> Assigned task:
Each line of the material must be reproduced exactly; pictures stay out.
START Information supplied
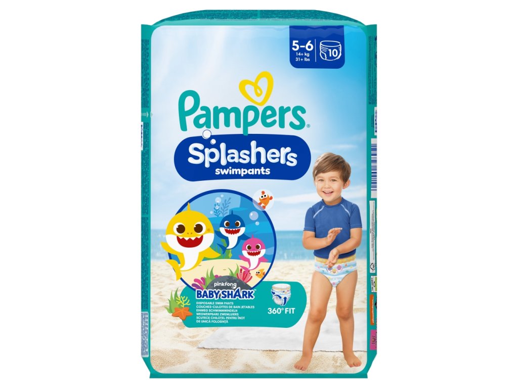 Vaše dítě může v jednorázových plenkových kalhotkách Pampers Splashers bezstarostně dovádět ve vodě. Plenkové kalhotky Pampers Splashers na rozdíl od běžných plenek ve vodě nenasáknou, takže vašemu dítěti pohodlně padnou, mokré i suché. Plenkové kalhotky Splashers mají dvojité lemy proti protečení, které poskytují ve vodě spolehlivou ochranu. Díky nim plenkové kalhotky pohodlně padnou kolem nožiček vašeho dítěte a pomohou zadržet nečistoty. Splashers jsou proto ideální plenkové kalhotky do bazénu, na pláž, do akvaparku apod. Pouze plenkové kalhotky Pampers Splashers mají po celém obvodu pružný pas, takže padnou jako plavky a snadno se oblékají i svlékají dokonce i za mokra. Boky plenkových kalhotek Pampers Splashers se dají snadno roztrhnout pro snadné svlékání bez nepořádku. Jsou potištěné obrázky na téma plavání, a díky tomu vypadají jako opravdové plavky. Díky Pampers Splashers si v bazénu užijete ještě víc legrace.
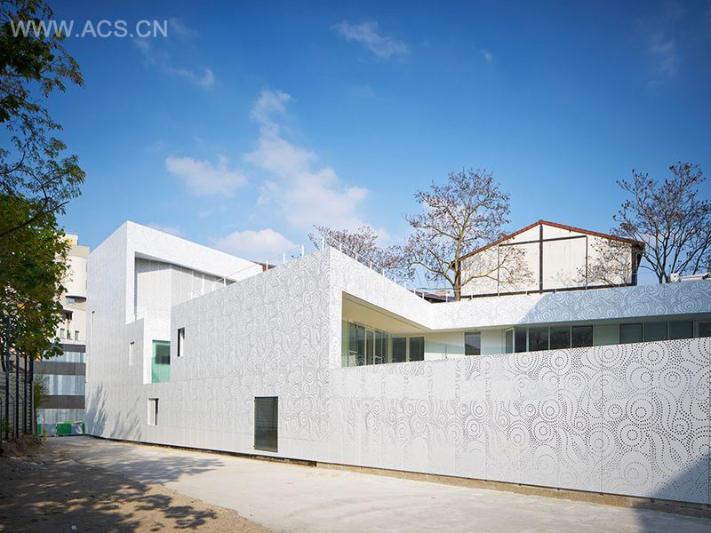 法国建筑事务所Avenier Cornejo设计的巴黎20区幼儿园建成,这所可容纳66个孩子的幼儿园是一座独特的建筑,为儿童提供安心的环境。建筑以混凝土为结构,满满占据着三角形地块,并沿两侧边缘开了三个内庭院,为建筑提供充足的阳光与光线。建筑周身覆盖有着美丽花样的金属穿孔板。这层金属外表皮还覆盖了部分窗户,为其提供过滤的光,并在夜晚像灯笼一样透光。
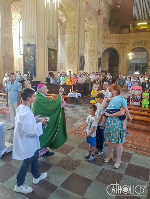 В воскресенье 25 июля, которое стало последним днём реколлекций, вместе с семьями молился Апостольский администратор sede vacante Минско-Могилёвской архиепархии епископ Казимир Великоселец. Иерарх возглавил проведение святой мессы в стародавнем несвижском костёле и благословил находящиеся там семьи. Во время реколлекций две семейные пары из Несвижа приняли Карту объединения Equipes Notre-Dame.
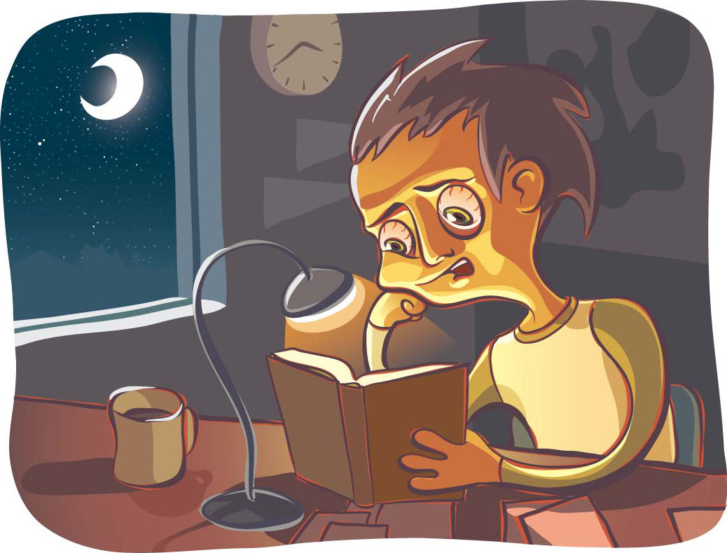 pull an all-nighter 熬夜看书
END Information supplied
> Result of the exercise:
 Vaše dítě může v jednorázových plenkových kalhotkách Pampers Splashers bezstarostně dovádět ve vodě. Plenkové kalhotky Pampers Splashers na rozdíl od běžných plenek ve vodě nenasáknou, takže vašemu dítěti pohodlně padnou, mokré i suché. Plenkové kalhotky Splashers mají dvojité lemy proti protečení, které poskytují ve vodě spolehlivou ochranu. Díky nim plenkové kalhotky pohodlně padnou kolem nožiček vašeho dítěte a pomohou zadržet nečistoty. Splashers jsou proto ideální plenkové kalhotky do bazénu, na pláž, do akvaparku apod. Pouze plenkové kalhotky Pampers Splashers mají po celém obvodu pružný pas, takže padnou jako plavky a snadno se oblékají i svlékají dokonce i za mokra. Boky plenkových kalhotek Pampers Splashers se dají snadno roztrhnout pro snadné svlékání bez nepořádku. Jsou potištěné obrázky na téma plavání, a díky tomu vypadají jako opravdové plavky. Díky Pampers Splashers si v bazénu užijete ještě víc legrace.
 法国建筑事务所Avenier Cornejo设计的巴黎20区幼儿园建成,这所可容纳66个孩子的幼儿园是一座独特的建筑,为儿童提供安心的环境。建筑以混凝土为结构,满满占据着三角形地块,并沿两侧边缘开了三个内庭院,为建筑提供充足的阳光与光线。建筑周身覆盖有着美丽花样的金属穿孔板。这层金属外表皮还覆盖了部分窗户,为其提供过滤的光,并在夜晚像灯笼一样透光。
 В воскресенье 25 июля, которое стало последним днём реколлекций, вместе с семьями молился Апостольский администратор sede vacante Минско-Могилёвской архиепархии епископ Казимир Великоселец. Иерарх возглавил проведение святой мессы в стародавнем несвижском костёле и благословил находящиеся там семьи. Во время реколлекций две семейные пары из Несвижа приняли Карту объединения Equipes Notre-Dame.
 pull an all-nighter 熬夜看书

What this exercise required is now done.